= Naimángitsoᴋ' Petersen =

Greenlandic politician (died 2013)

Naimángitsoᴋ' Petersen (Note: Also known as Naimángitsoq Petersen.) ( – 18 July 2013) was a Greenlandic politician. He was a member of the Atassut party and later Inuit Ataqatigiit. He was a city councilor for Qaanaaq (Thule), and served as its mayor from 2001 to 2005, changing parties during his term. He was also a member of the Inatsisartut, Greenland's parliament, from 1995 to 1999.

== Early life ==
Naimángitsoᴋ' Petersen was born in either 1956 or 1957.

== Career ==
Petersen's political career started in 1983. That year, he stood for a city council election in Qaanaaq (Thule). In 1995, he became a member of the Inatsisartut, representing the Atassut party. He left the parliament in 1999. While there, he called for an end to the prohibition on reindeer hunting in Avannaa, saying that the people of the territory have made use of reindeer skin for protection from the cold.
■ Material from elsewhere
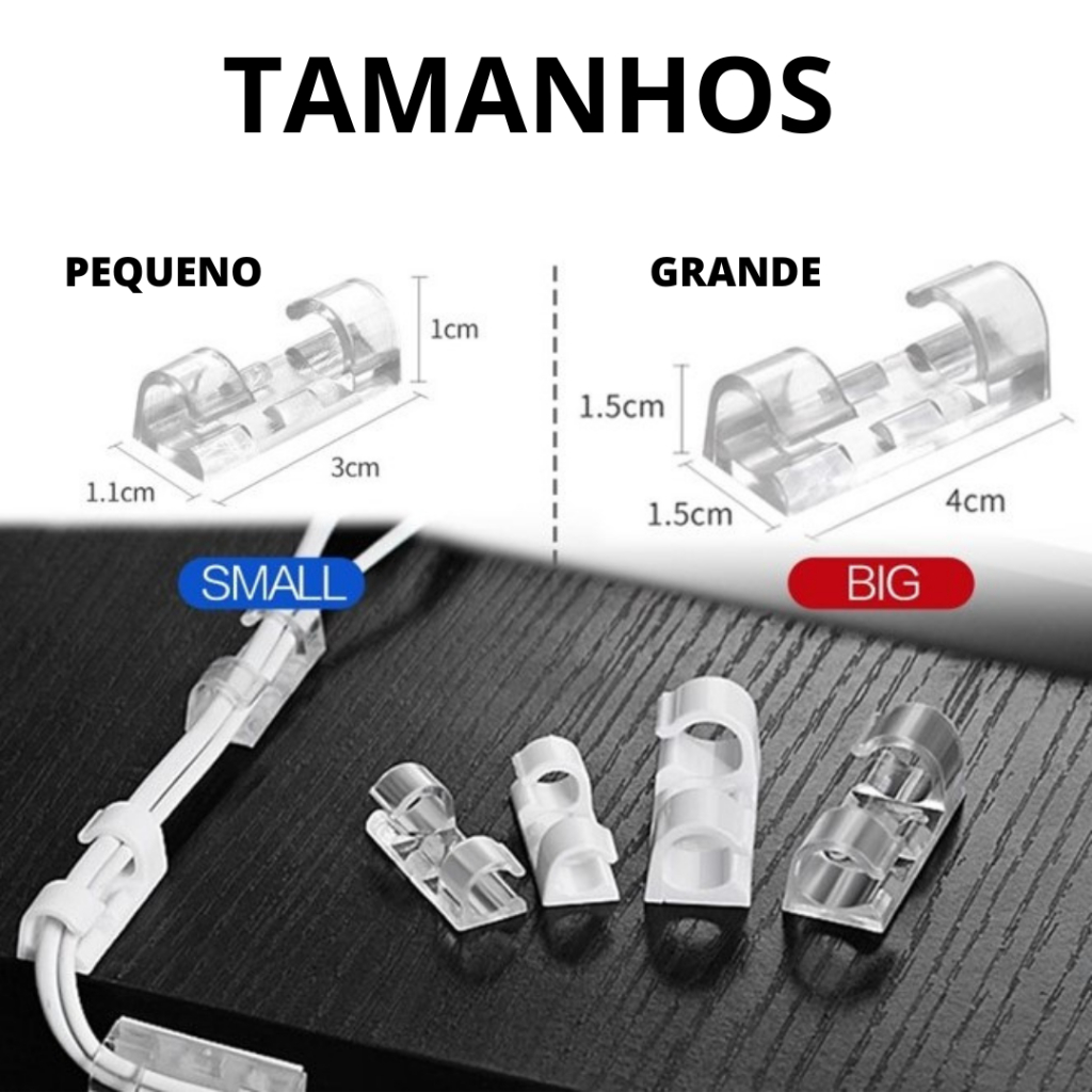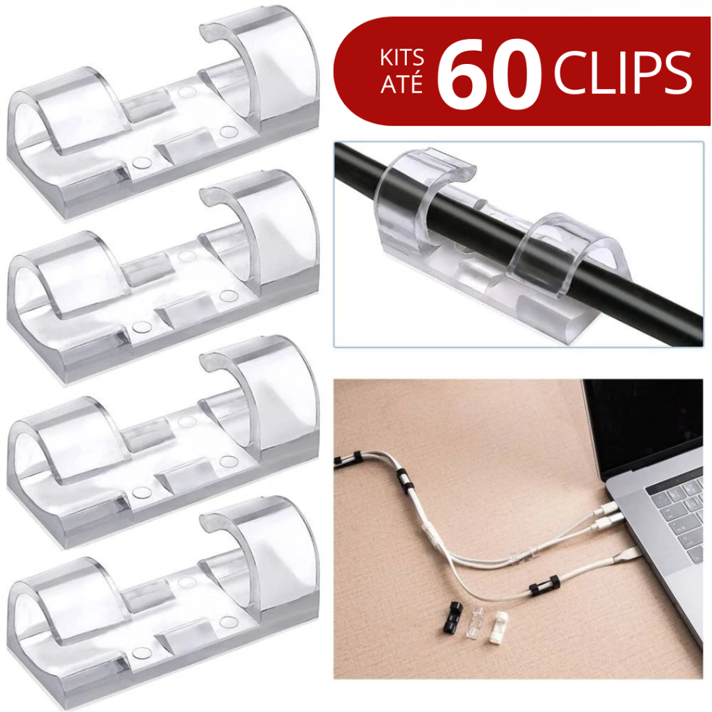 Clip Fixador Organizador de Fios e Cabos 20 Peças Autoadesivo

Since at least 1995, Petersen was a member of the city council for the Atassut party. In 2001, he was elected mayor of Qaanaaq, the northernmost city of Greenland, and that year, refused to meet with Greenpeace. He met with crown prince of Denmark, Frederik, in 2004. The next year, he switched parties from Atassut to Inuit Ataqatigiit. He lost his position as mayor as a result, and became a city councilor.

== Later life and death ==
In his later years, Petersen had diabetes. He died on 18 July 2013 at 56 years old; he was buried in Qaanaaq.